An easier way to get in the neighborhood is to simply split turnovers into their steal and non-steal counterparts. Recall that turnovers in general are significantly down from previous seasons. While the new rules interpretations have produced a number of changes statistically, the trends in almost all stats have evolved as they usually do. But the trend in turnovers is zigging when previous seasons zagged, increasing since the beginning of the season which is the opposite of what normally happens.
First, let’s look at the evolution of steal percentage (percentage of possessions on which a steal occurs) this season compared with previous seasons. I’m using the same method as the previous analysis in that the average is for each day of the season.
Steal percentage is roughly constant early in the season before dropping ever so slightly during conference play. This season’s start has been fairly flat as well but notice that, not surprisingly, steals are down from previous seasons. When normalized for pace, there have been about 14 percent fewer steals this season compared to the same time over the past 11 seasons.
One might presume this is the result of more cautious defenses, whether it’s because there has been more zone (although some zones cause a lot of turnovers) or just on-ball defenders being less handsy. Also, keep in mind that steals have become more rare in recent seasons anyway, and a fraction of the decrease is probably the result of strategic inertia.

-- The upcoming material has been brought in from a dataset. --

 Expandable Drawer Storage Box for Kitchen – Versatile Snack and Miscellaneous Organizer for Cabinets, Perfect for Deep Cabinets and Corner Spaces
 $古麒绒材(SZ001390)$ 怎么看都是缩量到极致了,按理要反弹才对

Now let’s check out the trend in non-steal turnovers (NST’s).
The historical season-long trend is very clear. Offenses show steady improvement in this area as the season progresses. While offenses eliminate about one in 20 steals between the beginning and end of the season, they get rid of one in six NST’s by the end of the season. Not all non-steal turnovers are unforced—and there’s evidence that the defense has a surprising amount of skill in creating these types of miscues—but these turnovers are less in the control of the defense than steals.

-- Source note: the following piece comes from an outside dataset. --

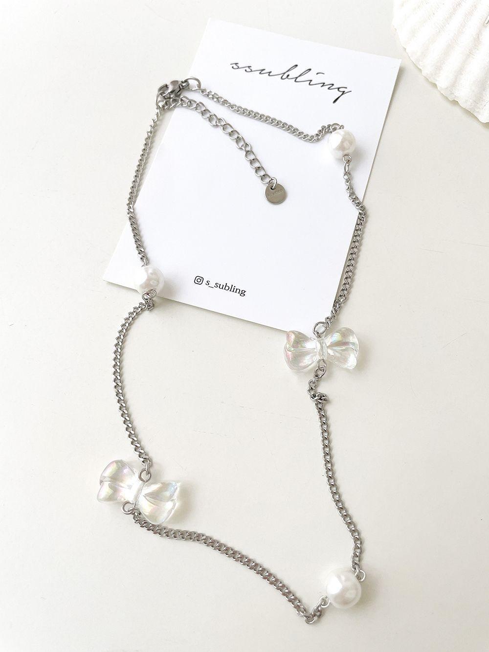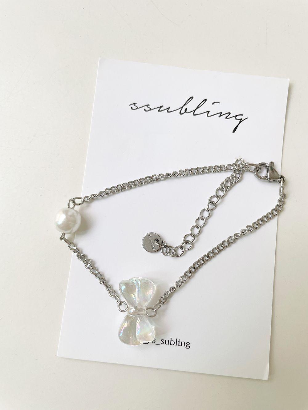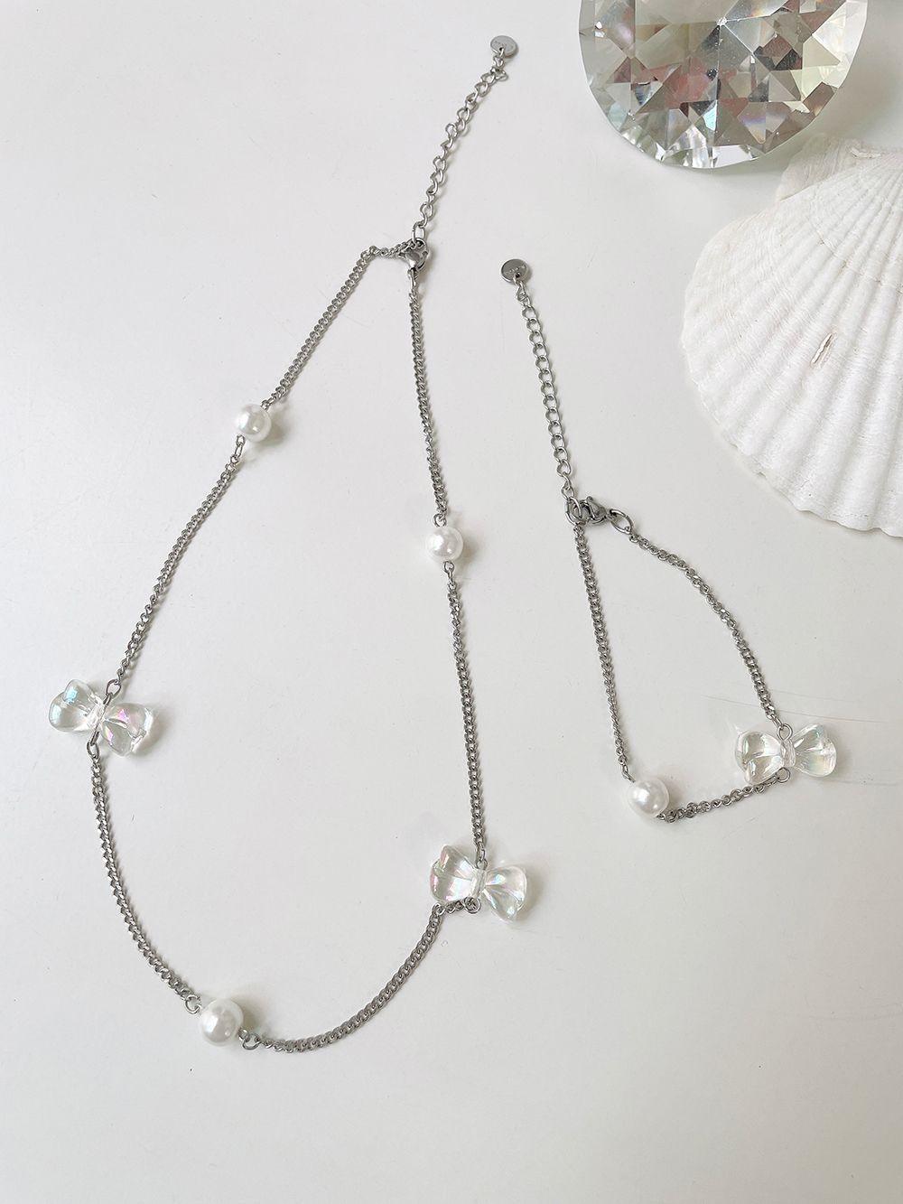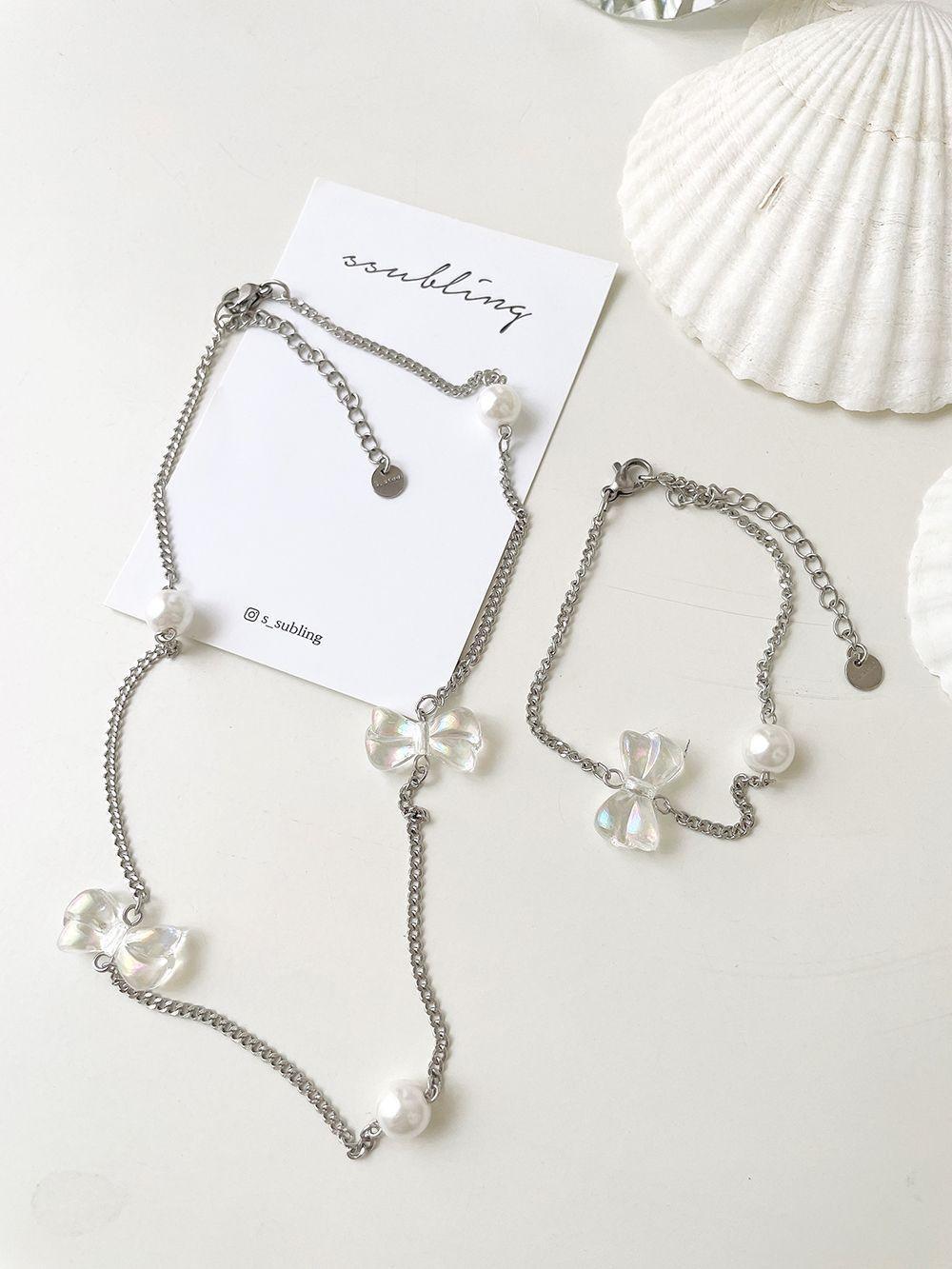 It's a necklace and bracelet with a cool design featuring a surgical steel chain and acrylic ribbon and pearls in the middle :)

This group also include charges and NST’s are down about 18 percent from past seasons. What we don’t know is how much of that decrease can be attributed to fewer charges being called. At the beginning of the season, the difference between the old turnover percentage (12) and what was observed this season (9) could be explained by two fewer charges per team. But it doesn’t seem realistic to assume that the entire difference is tied up in charges. After all, whatever is causing defenses to record fewer steals would figure to also contribute to the drop in NST’s.

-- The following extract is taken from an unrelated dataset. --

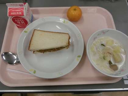 本日の給食メニューは、ドライカレーサンド、ミルクポトフ、冷凍ミカン、牛乳です。

So the reduction in charges is almost surely less than the reduction in NST’s, although how much is purely a guess. The interesting thing is that the difference in NST’s between this season and previous seasons is rapidly disappearing. The entire difference over the past few days could explain just under one charge per team per game. It also could be that teams are traveling more or making other unforced mistakes more often, but given that the trend in steals isn’t changing, that seems a little more difficult to believe. This is far from a conclusive study, but the charge may be sneaking its way back into the game.